= Task objective =
Among the lines below, copy exactly those from the one with "近日,端州法院法官助理何玉梅" through the one with "местах, пишет издание.", counting both ends.

= Data =
>>>>>

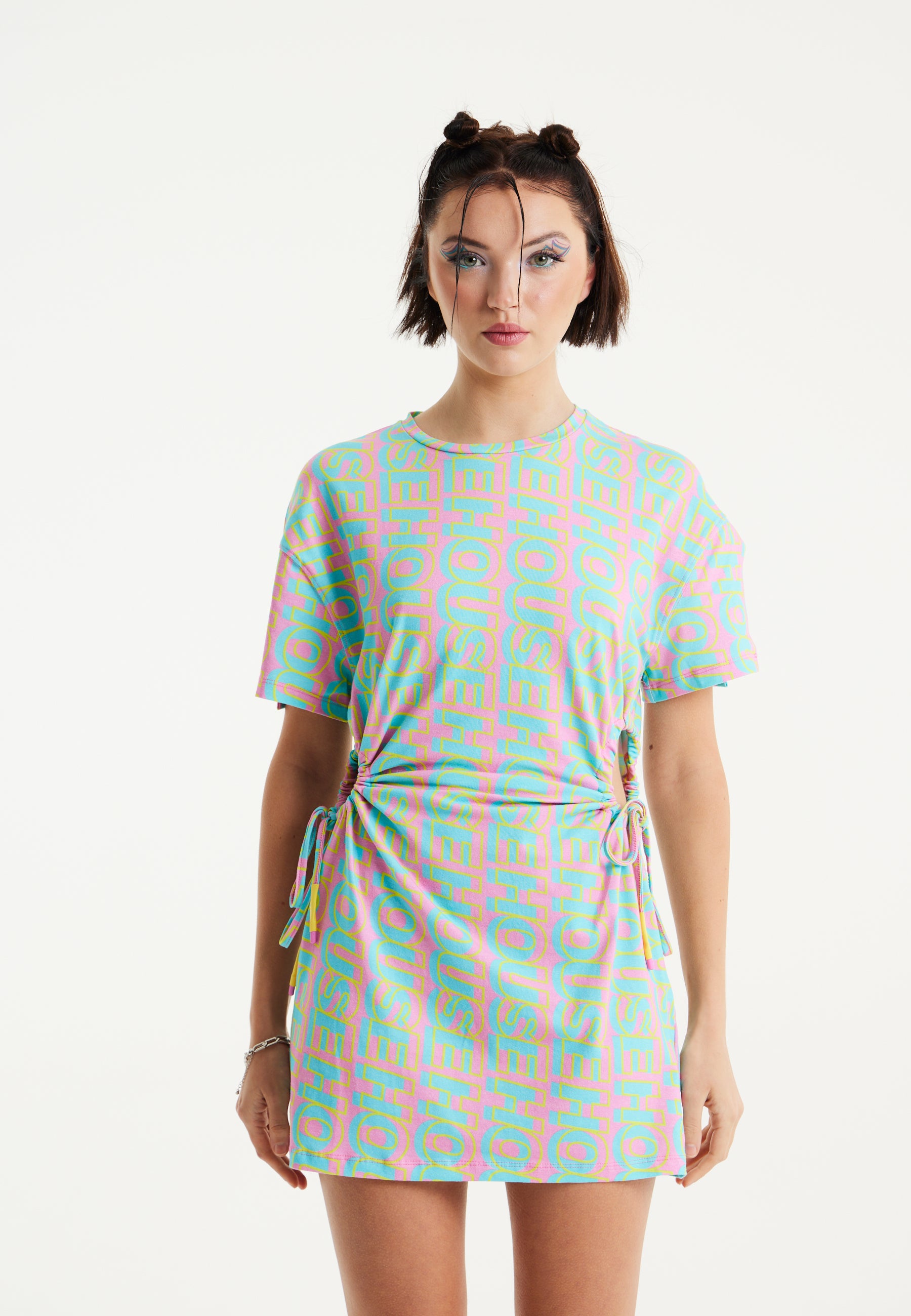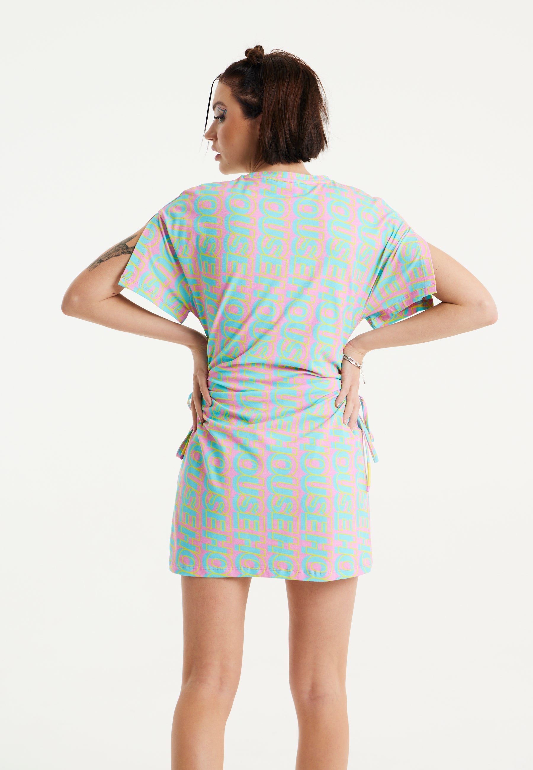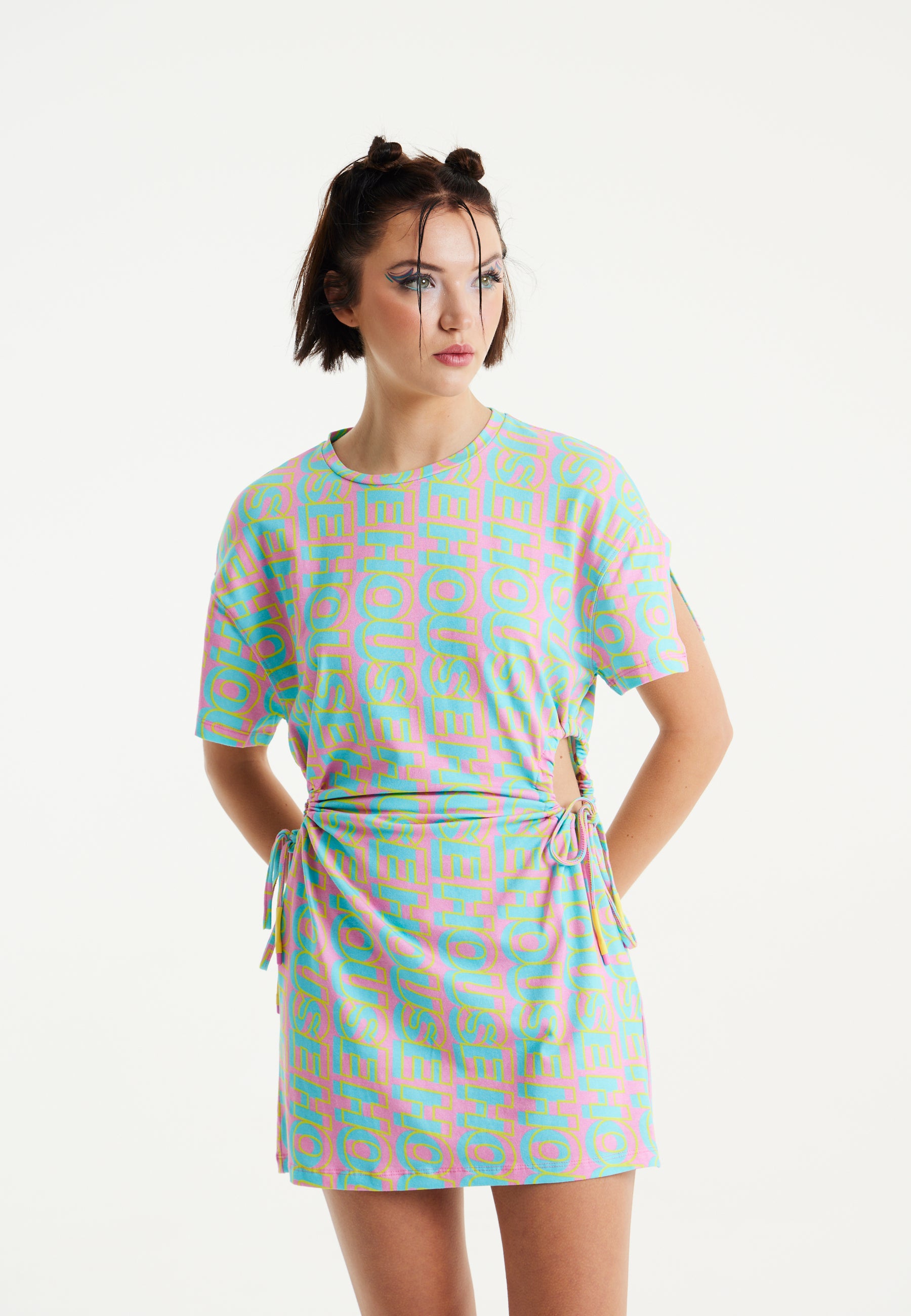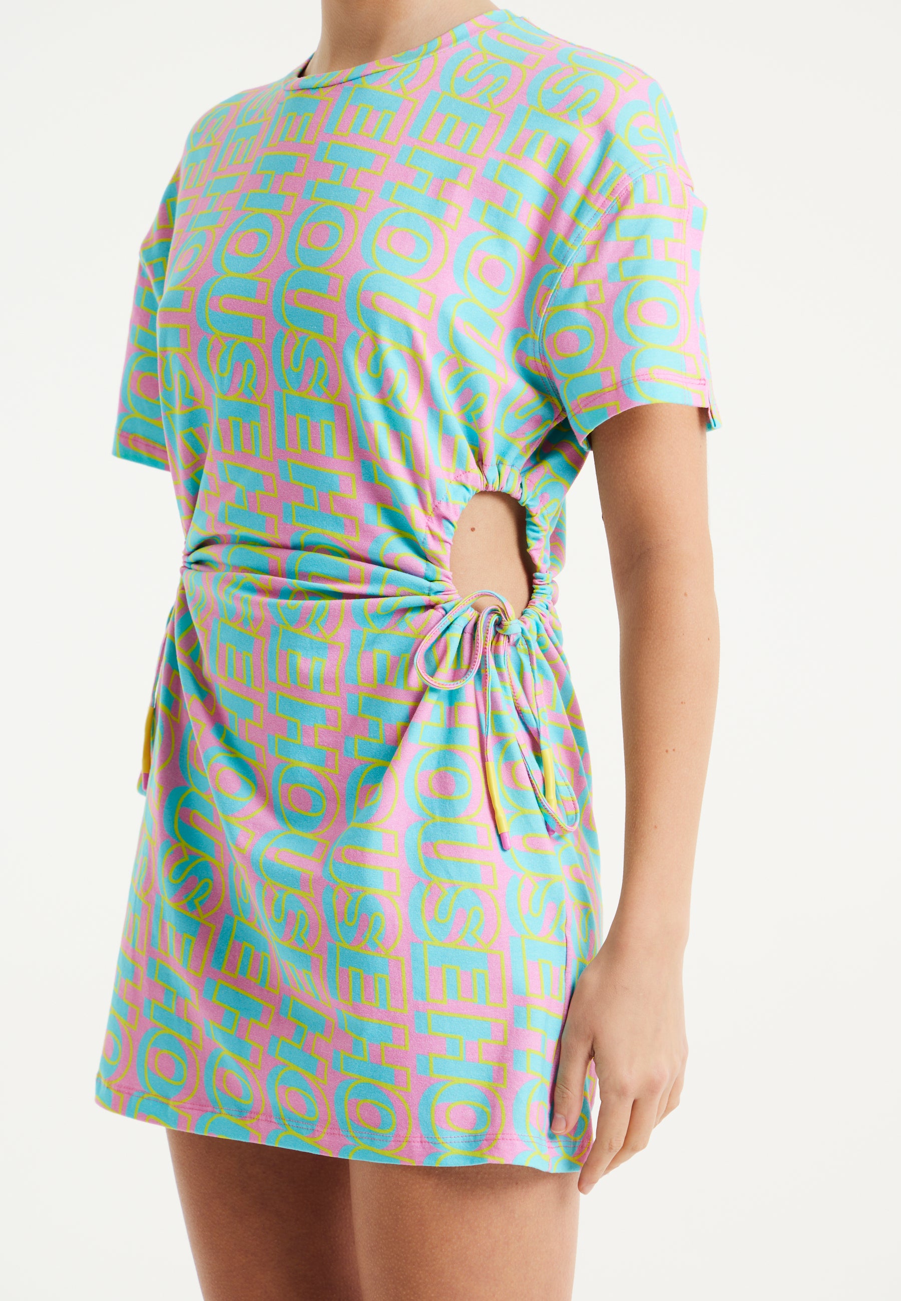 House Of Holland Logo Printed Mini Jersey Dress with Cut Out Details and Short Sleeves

<<<<<
>>>>>

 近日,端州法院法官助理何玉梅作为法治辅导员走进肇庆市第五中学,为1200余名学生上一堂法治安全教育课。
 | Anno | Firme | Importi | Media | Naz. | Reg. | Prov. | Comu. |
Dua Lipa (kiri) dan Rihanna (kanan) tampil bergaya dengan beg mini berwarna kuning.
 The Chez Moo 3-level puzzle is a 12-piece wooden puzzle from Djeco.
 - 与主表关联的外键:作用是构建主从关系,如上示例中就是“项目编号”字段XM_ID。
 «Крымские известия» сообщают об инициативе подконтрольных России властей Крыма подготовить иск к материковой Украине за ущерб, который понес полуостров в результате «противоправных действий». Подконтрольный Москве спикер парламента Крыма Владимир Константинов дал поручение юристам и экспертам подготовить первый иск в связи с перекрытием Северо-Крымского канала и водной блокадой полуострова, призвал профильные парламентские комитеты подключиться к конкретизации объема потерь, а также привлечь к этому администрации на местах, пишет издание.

<<<<<

= Answer box =
 近日,端州法院法官助理何玉梅作为法治辅导员走进肇庆市第五中学,为1200余名学生上一堂法治安全教育课。
 | Anno | Firme | Importi | Media | Naz. | Reg. | Prov. | Comu. |
Dua Lipa (kiri) dan Rihanna (kanan) tampil bergaya dengan beg mini berwarna kuning.
 The Chez Moo 3-level puzzle is a 12-piece wooden puzzle from Djeco.
 - 与主表关联的外键:作用是构建主从关系,如上示例中就是“项目编号”字段XM_ID。
 «Крымские известия» сообщают об инициативе подконтрольных России властей Крыма подготовить иск к материковой Украине за ущерб, который понес полуостров в результате «противоправных действий». Подконтрольный Москве спикер парламента Крыма Владимир Константинов дал поручение юристам и экспертам подготовить первый иск в связи с перекрытием Северо-Крымского канала и водной блокадой полуострова, призвал профильные парламентские комитеты подключиться к конкретизации объема потерь, а также привлечь к этому администрации на местах, пишет издание.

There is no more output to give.